Hace años, cuando apenas leía novelas por no considerarlo una actividad seria –sólo me lo parecía la poesía y la filosofía-, solía descansar en ocasiones con alguna de esas novelas consideradas históricas, en un momento en que éstas tenían calidad e interés. Pienso en “Opus Nigrum” y “Memorias de Adriano” de Margarita Yourcenar, en algunas de Robert Graves que, aun sabiendo, por propia confesión del autor, que las elaboraba para ganar dinero y dedicarse a la poesía, su verdadera vocación, aun poseían cierta originalidad y calidad. Incluso las vidas de Alejandro de Mary Renault. Sin contar las casi clásicas de Mika Waltari o las clásicas del todo como Ivanhoe. Tiempos que convivían ya con clanes de osos y cavernas, médicos viajeros y ya, ya sí, excesos de templarios. Quizás sea el intelectual Eco el último de los válidos: “El nombre de la rosa”, “La isla del día después”, “Baudolino” y alguna otra todavía requieren atención.
Pero todo empeora. Del mismo modo que el comic, tras su cenit en los años ochenta, terminó con vueltas a Mortadelo y creaciones japonesas, también la llamada novela histórica decayó hasta los límites de la vulgaridad, la mala copia y la propuesta de película. De vez en cuando, igual que, a veces, contemplo una película mal o un mal partido de fútbol para no acabar como Alonso Quijano –ya se sabe, mucho leer, poco dormir ya acabar con el cerebro destrozado- descansaba con alguna novela de estas. Recuerdo aún “El secreto de la diosa”, obra de un tal Lorenzo Mediano, que tuve como lectura mala veraniega (la obra para piscina del año anterior, “el mito del alma”, de Puente Ojea, casi termina con mi capacidad de pensar) defendía la tesis, tratada antes por Graves y otros, de que las mujeres perdieron su poder cuando los hombres se enteraron de que sin su semilla ellas eran estériles. Quedó perdida.
La última, ya hace dos o tres años, fue mi lectura mala de otoño.

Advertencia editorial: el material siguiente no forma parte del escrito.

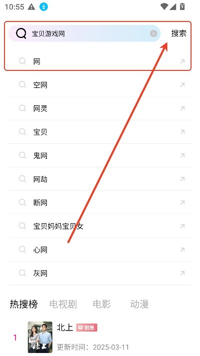 3、或者直接搜索框輸入關鍵詞,點擊搜索,精準篩選影視;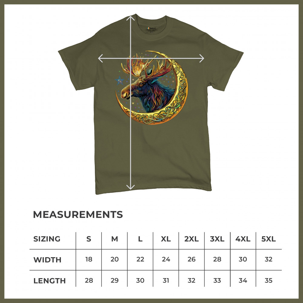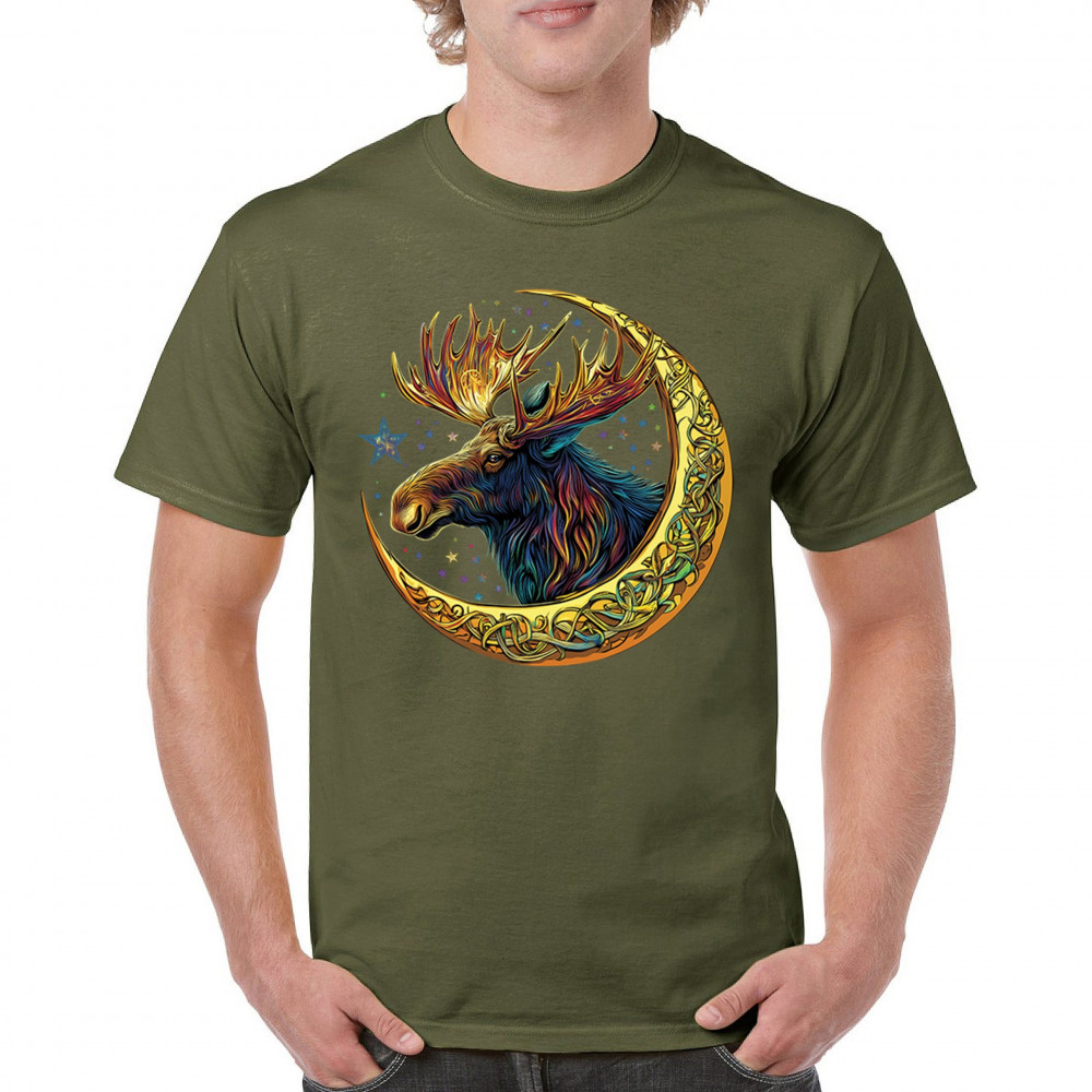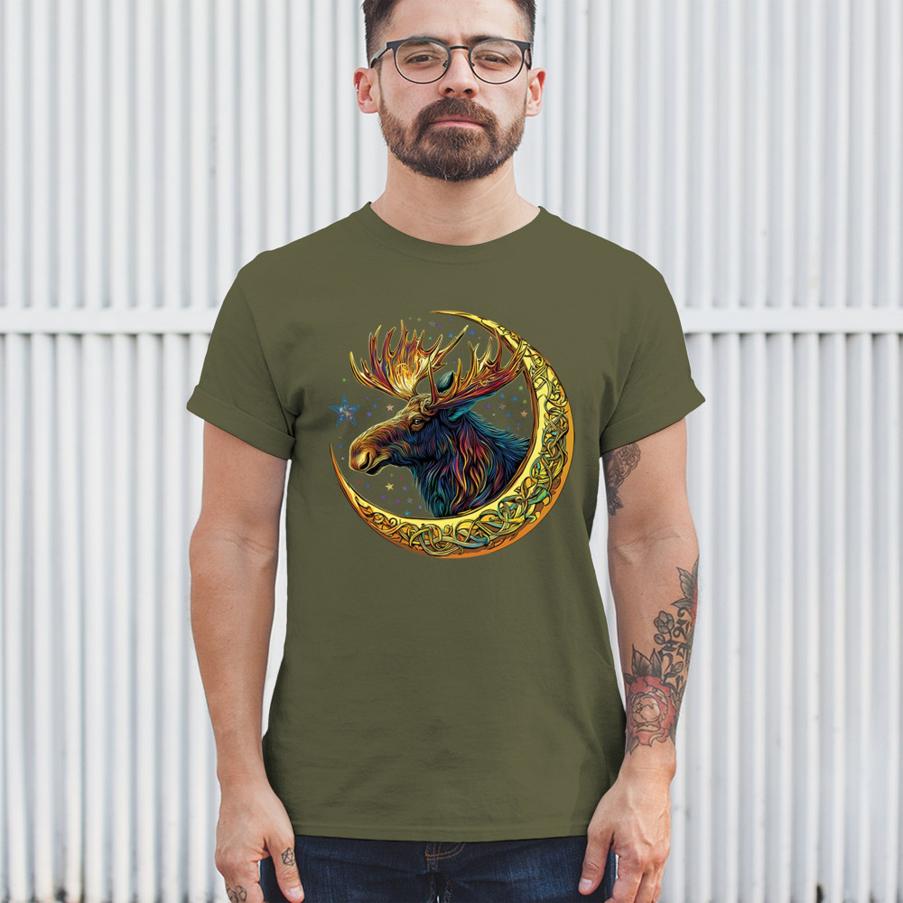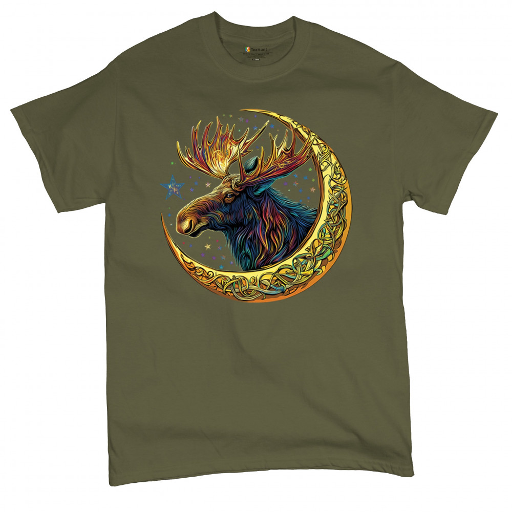 Mystical moose in gold Celtic crescent moon design—symbolizes strength, nature wisdom, and cosmic spirit for fantasy lovers and woodland fans.

Encontré una tal “El código da Vinci” que la leí como descanso muy cansado. Porque era evidente que pretendía hacer una película, porque era más evidente que copiaba descaradamente esas tesis ya vistas hacía años en algunos de los autores antes citados, porque pretendía escandalizar con ideas más antiguas que los abuelos de los más antiguos de nuestros contemporáneos, porque, sobre todo, no sabía cómo terminar y añadió casi trescientas páginas insoportables a las casi insoportables, pero, al menos, divertidas, de la primera mitad. Dada mi actividad de bibliotecario en un instituto, me limité a recomendar su no lectura a quienes me preguntaron por ella y así, como la anterior, quedó para el olvido. ¡Cuál no sería mi sorpresa al contemplar todo lo que vino después! Su éxito desmesurado, las absurdas polémicas, la película, la publicación de otras obras que, en su momento –lógico si su calidad era similar- no tuvieron éxito alguno y la masiva afluencia de novelas históricas por ver si tenían otra vez la suerte de estar en el lugar y momento oportunos, cosa que, al parecer, le ha tocado a una cierta “Catedral del mar” que, en este momento, desconozco más allá de saber su éxito.
Curioso. No deseaba hablar de esto. Acaso cierta mal conciencia por despreciar el éxito -¿envidia?- me ha hecho confesar mis pecados literarios. Porque, en una vida tan limitada, no puede sino ser pecado perder tiempo con estos “libros” dejando tanta calidad existente en los estantes de la espera. Debo agradecer a Juan Goytisolo un reciente artículo en el que abundaba en la idea de que lo bueno no suele tener éxito. Terminaba con una frase de los surrealistas que, de tanto gusto, la siento como mía: “toda idea que triunfa corre fatalmente a su ruina”. No, deseaba hablar de otro tipo de novela histórica, de esa que incide en lo que ahora se llama “memoria de la historia”, creo. Hablaré, pero ya otra noche.